Medieval Sherwood Forest was criss-crossed by a myriad of roads running over and through he vast areas of heathland, wood-pasture and woodland, which made up the landscape. Some of them joined up the many forest communities, and others were major truck roads joining up the Forest with the wider world.

It is perhaps the presence of such roads, and the fearful journeys along them that helped fuel the many legends of hooded outlaws roaming the woods.

The King’s Highway to York ran from Nottingham up the eastern side of the forest. This important road took traffic north and south under the watchful eye of Nottingham Castle, the strategic castle perched on its lofty cliffs of sandstone close to the crossing of the River Trent.

Thee other great highway passing north and south through Sherwood Forest ran up the western side from Nottingham to the great royal manor of Mansfield.

A third major road ran along the southern edge of the forest, following the northern bank of the River Trent, hugging the bottom of the Clay ridge of the Mercia Mudstones, taking traffic from Nottingham to the Archbishop of York’s manor at Southwell- the religious heart of the county.

A medieval cart - an expert from the 13th century Luttrell Psalter

Picture: A medieval cart - an expert from the 13th century Luttrell Psalter.

Alongside these major highways were a large number of smaller roads which travelled across the forest.

Some of them were ‘Pack mans’ ways- little more than footpaths or ‘causeys’ (causeways), for pedestrian use.

There also other medium sized route ways providing cart track ways between settlements.

Many of these road s are listed on a late 14th century or early 15th century map of the Forest.

Some of these carry descriptive names such as:

‘ye ryge (ridge) way’,


‘ye brome (the broom) gate’ (from Gata meaning road in Old Scandinavian).

Others carried the name of the settlement through which they passed, or were near to:

‘Papulwyk (Papplewick) Way’,


‘ye roide of Buluel' (the road of Bulwell).

One road is named ‘Egmanton Way’ after the viallge of Egmanton on the eastern edge of Sherwood Forest.

However there is a puzzle as to why it carries this name, as is not shown as being in or near to the village of Egmanton at all.

Egmanton village lay four miles to the east of the 13th century forest boundary near to the larger and more prominent village of Laxton.

Egmanton had a Motte and Bailey Castle in its centre , but was considerably smaller in stature as a village than its neighbour at the time.

Laxton had been the seat of the keepers of Sherwood Forest since the De Caux dynasty, who were hereditary keepers through marriage into the D’Everingham family up until the late 13th century.

Laxton had been remodelled during this time and may well have had pretensions of becoming a market town (Challis 1994), until keepership was stripped from the D’Everinghams for breaking the very Forest Laws they were in post to oversee.

Any road heading in that direction, at that time, would most likely have been called ‘Laxton Way’ not not have been named after the less important village of Egmanton.

So what reason could there be for the name of the road ‘Egmanton Way’?

The location of Egmanton, and the relative positioning of the name on the Belvoir Map suggests it ran from a location to the south-west, towards Egmanton in the north-east.

It is important therefore to understand where the road may have been leading to Egmanton from…

To the south-west, on the western side of Sherwood Forest lies Newstead Abbey, formerly Newstead Prior.

Newstead was home to a community of Augustinian Priors who were known as the ‘Priors of Sherwood Forest’.

They were granted lands around Nottinghamshire for their Priory at Newstead- founded in the late 12th century by Henry II.

As time passed many more parcels of land and other offerings were granted to the priory.

Newstead Abbey, Nottinghamshire.

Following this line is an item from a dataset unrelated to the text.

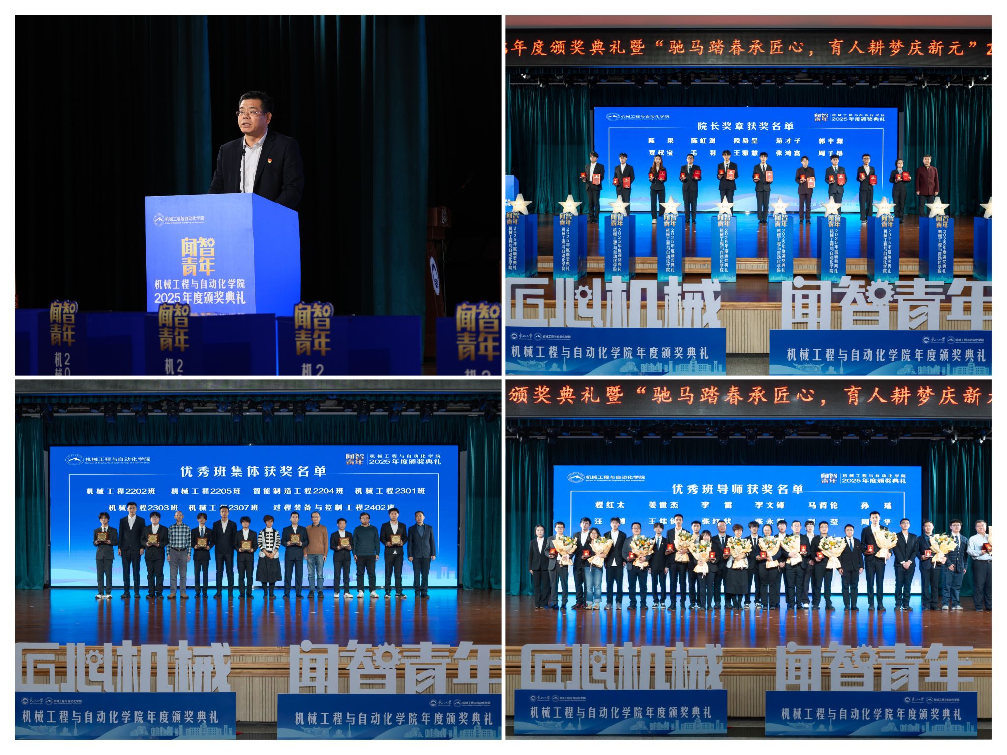 学院党委郝建山正在致辞中系统回首了一年来学院取得的主要成绩。学院积极办事国度计谋,投身深度金属矿智能开采纳配备全国沉点尝试室扶植,并正在环节科研范畴实现标记性冲破,获得国度严沉专项支撑。同时,学院成功引进增材取激光制制范畴领军团队,稳步推进学校新增学位点扶植,为久远成长奠基根本。正在人才培育方面,学院学子表示凸起,研究生学术丰盛,正在“挑和杯”“中国国际大学生立异大赛”等多项赛事中斩获国度级项,结业生就业率持续连结高位,展示了全面成长的优良素养。郝建山阐释了“闻智青年”品牌的育人内涵,勉励全体师生胸怀“国之大者”,将小我成长融入“制制强国”计谋,过硬本事,怯于立异创制,勤奋成为担任平易近族回复大任的时代新人。副院长罗忠表扬决定。颁环节分三轮顺次进行。起首颁布的是“院长章”,刘云飞为毛羽等10名正在专业进修、科技立异、社会实践等方面表示杰出的学生颁布章。随后颁布“优良班集体”项,班导师代表为7个正在班风、学风及凝结力扶植中成效显著的班级颁。最初,仪式聚焦育人一线论理学生代表向获评“优良班导师”的教员们献上鲜花取荣誉证书,表达诚挚感谢感动。“院长章”获得者代表毛羽连系科研竞赛取意愿办事履历,讲述了“道阻且长,行则将至”的成长;“优良班集体”获代表豆煜轩分享了班级凝心聚力、共建优秀学风的活泼经验。正在“闻智匠心 共话青蓝”出格环节,优良班导师马哲伦取所带班级学生代表刘定佳同台交换,从分歧视角展示了师生间思惟引领、学业互帮、讲授相长的温情互动,彰显了育人一线的深挚交谊取结实成效。据悉,“闻智青年”是机械工程取从动化学院出力打制的文化育人品牌。本次颁仪式既是年度的集中展现,也是典型树立、激励朝上进步的主要平台,旨正在指导全体学生以先辈为楷模,坚想、夯实专业根本、勤奋成长为具有家国情怀、全球视野取创制活力的杰出工程人才,为学校“双一流”扶植和高质量成长注入芳华力量。

Formerly a medieval priory of Augustinian Canons.

Picture: Newstead Abbey, Nottinghamshire. Formerly a medieval priory of Augustinian Canons.

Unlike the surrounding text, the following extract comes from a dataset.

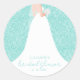Elegante, stilvolle Aufkleber sind perfekte Brautparty-Aufkleber mit einem schönen modernen Hochzeitskleid auf einem weißen Rosenmuster über einem türkisfarbenen Hintergrund und Ihre Details in schicken Schriften - für Gastgeschenke oder Dankeschön-Aufkleber. Mehr Farben und passende Einladungen und mehr in unserem Shop.

The Newstead Cartulary of 1344 contains record of the land granted to the Priory by people wishing to secure a place in heaven, and eternal peace.

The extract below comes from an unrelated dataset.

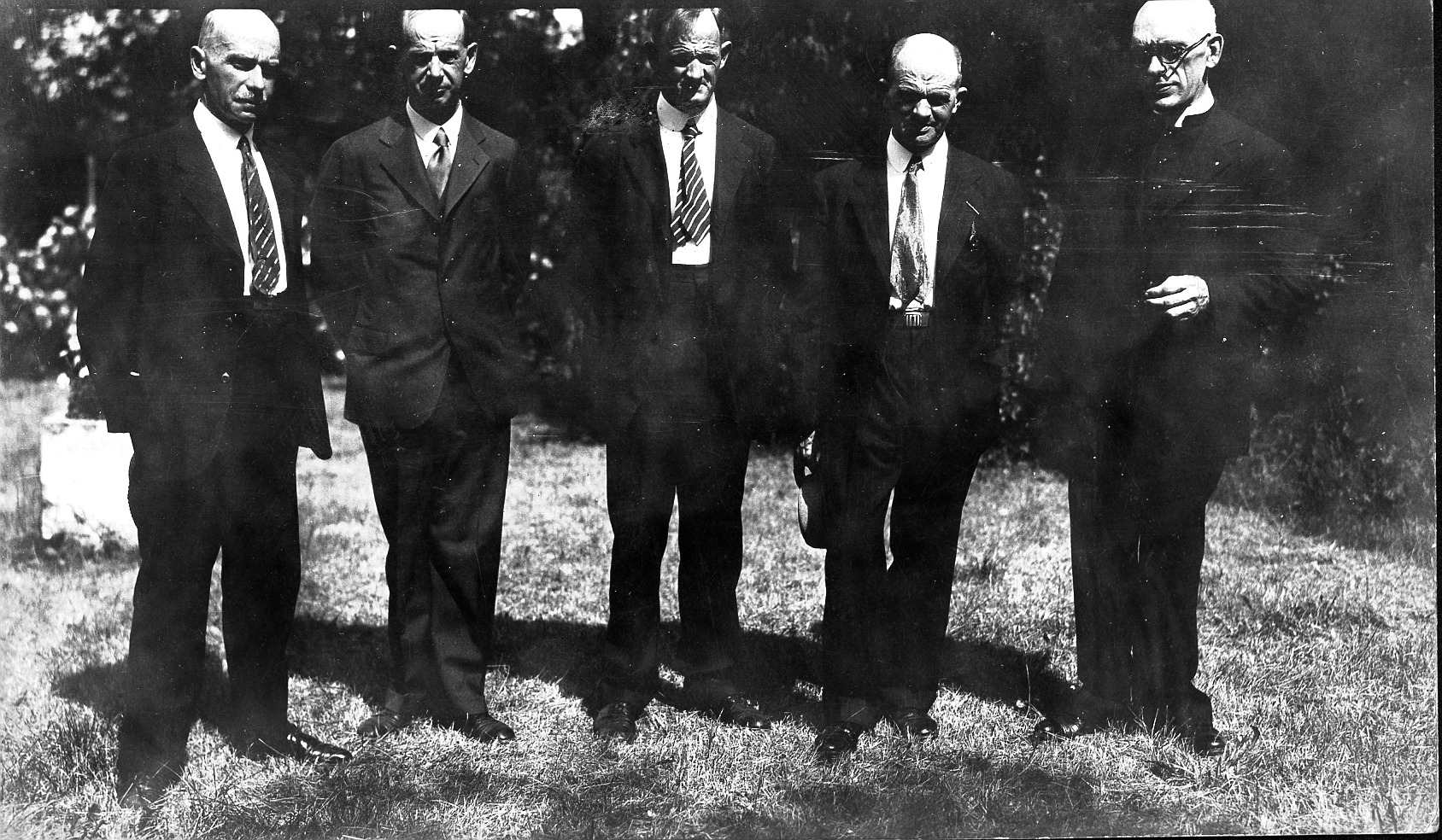 Pictured here are Griswold brothers outside the Griswold Inn, identified as (left to right) William Lawrence Griswold, Howard Lee Griswold, Herbert W. Griswold, and George H. Griswold and Rev. Edwin Viets Griswold. They were five of fourteen children born to Worthington Franklin Griswold and Fondelia Ruth Griswold. Worthington and Fondelia Griswold raised the family in the former Griswold Inn, which was built by the men’s great-grandfather Ezra Griswold in 1811. The Inn stood adjacent to the north-east quadrant of the Village Green until the building was razed in 1964.

One such entry is a licence to appropriate the Church of Egmanton on 31st October 1315:

Edward by the grace of God King of England, Lord of Ireland, and Duke of Aquitaine, to all to whom the present letters shall come, greeting. Know ye that of our special grace we have granted and given licence on behalf of us and our heirs, as far as in us lies, to our beloved in Christ, the Prior of Newstead in Shyrewode, and the Convent of the same place, that they themselves may appropriate the church of Egmanton, in the diocese of York, which is of their own advowson, and having appropriated it, may hold it to their own use for themselves and their successors for ever, without annoyance or hindrance by us or our heirs, Justices, Escheators, Seriffs, or others our Bailiffs or Ministers whomsoever. The statute of Mortmain notwithstansding. In witness thereof we have had these our letters made patent. As witness myself at Clypston, the thirty-first day of October, in the ninth year of our reign’.
(Gray (Ed.) 1940).

Notice that Edward II was staying at his favoured royal retreat at Clipstone (see King John's Palace page for more details).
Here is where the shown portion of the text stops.